==== GIVEN DATA ====

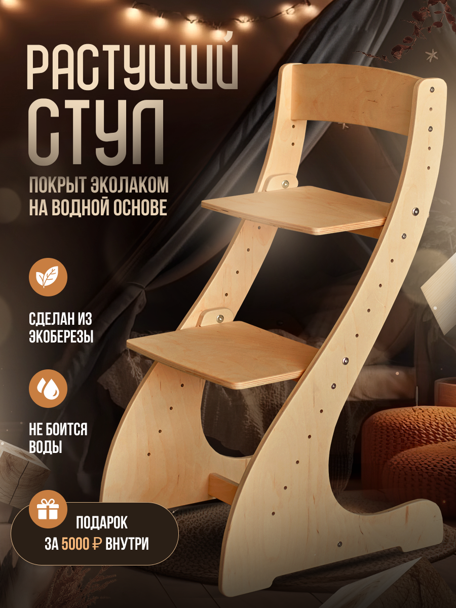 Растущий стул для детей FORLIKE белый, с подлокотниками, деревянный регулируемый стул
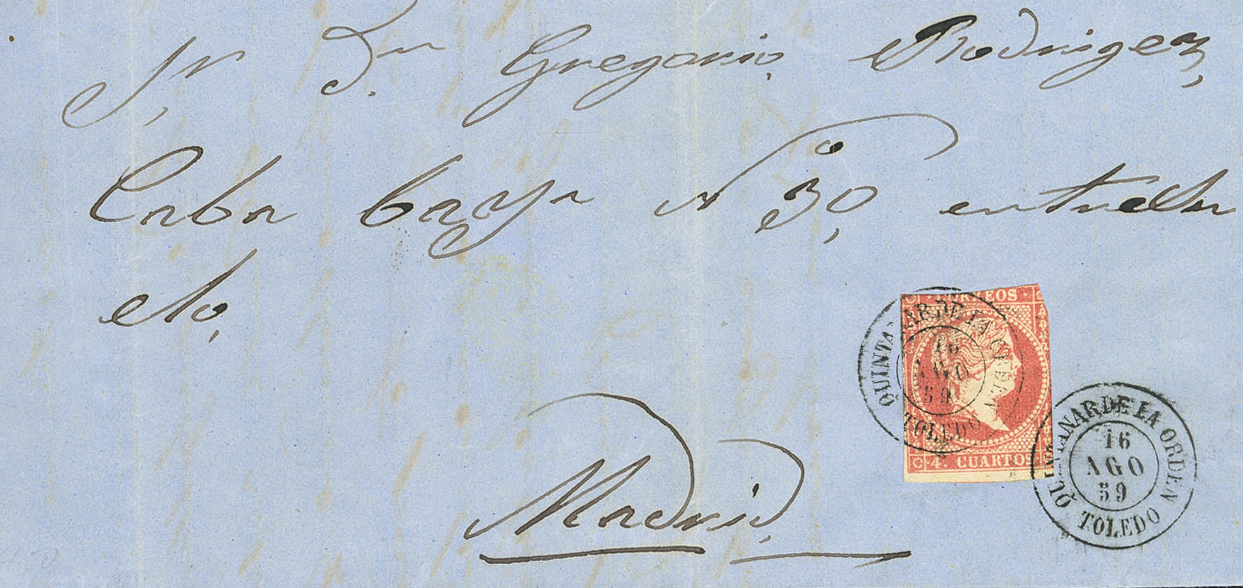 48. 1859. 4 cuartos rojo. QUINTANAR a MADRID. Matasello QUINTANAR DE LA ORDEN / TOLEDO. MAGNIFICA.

====
==== GIVEN DATA ====

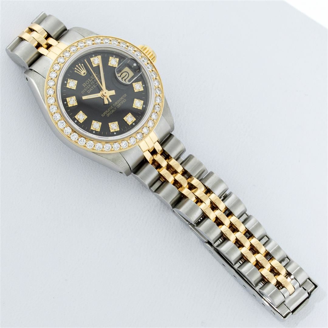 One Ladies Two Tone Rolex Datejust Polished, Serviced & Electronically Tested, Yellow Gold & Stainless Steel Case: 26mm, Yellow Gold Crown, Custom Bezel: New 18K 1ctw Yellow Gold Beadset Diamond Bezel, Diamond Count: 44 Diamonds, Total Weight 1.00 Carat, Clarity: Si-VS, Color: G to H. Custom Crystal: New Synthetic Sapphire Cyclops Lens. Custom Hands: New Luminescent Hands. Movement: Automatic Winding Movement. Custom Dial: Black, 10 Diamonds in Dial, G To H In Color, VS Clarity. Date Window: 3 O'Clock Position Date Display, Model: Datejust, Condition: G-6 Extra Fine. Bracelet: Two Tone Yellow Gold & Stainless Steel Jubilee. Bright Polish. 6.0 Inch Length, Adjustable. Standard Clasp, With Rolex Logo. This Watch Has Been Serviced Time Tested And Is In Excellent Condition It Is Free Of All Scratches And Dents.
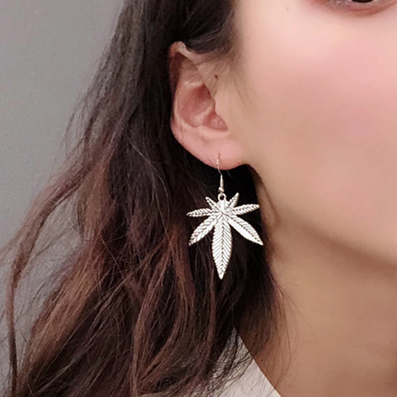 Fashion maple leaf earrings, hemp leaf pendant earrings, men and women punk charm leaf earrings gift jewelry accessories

====

Only the lines between the one with "One Ladies Two" and the one with "Fashion maple leaf", those two included, get copied from the material above. Keep it exact and free of pictures.

 One Ladies Two Tone Rolex Datejust Polished, Serviced & Electronically Tested, Yellow Gold & Stainless Steel Case: 26mm, Yellow Gold Crown, Custom Bezel: New 18K 1ctw Yellow Gold Beadset Diamond Bezel, Diamond Count: 44 Diamonds, Total Weight 1.00 Carat, Clarity: Si-VS, Color: G to H. Custom Crystal: New Synthetic Sapphire Cyclops Lens. Custom Hands: New Luminescent Hands. Movement: Automatic Winding Movement. Custom Dial: Black, 10 Diamonds in Dial, G To H In Color, VS Clarity. Date Window: 3 O'Clock Position Date Display, Model: Datejust, Condition: G-6 Extra Fine. Bracelet: Two Tone Yellow Gold & Stainless Steel Jubilee. Bright Polish. 6.0 Inch Length, Adjustable. Standard Clasp, With Rolex Logo. This Watch Has Been Serviced Time Tested And Is In Excellent Condition It Is Free Of All Scratches And Dents.
 Fashion maple leaf earrings, hemp leaf pendant earrings, men and women punk charm leaf earrings gift jewelry accessories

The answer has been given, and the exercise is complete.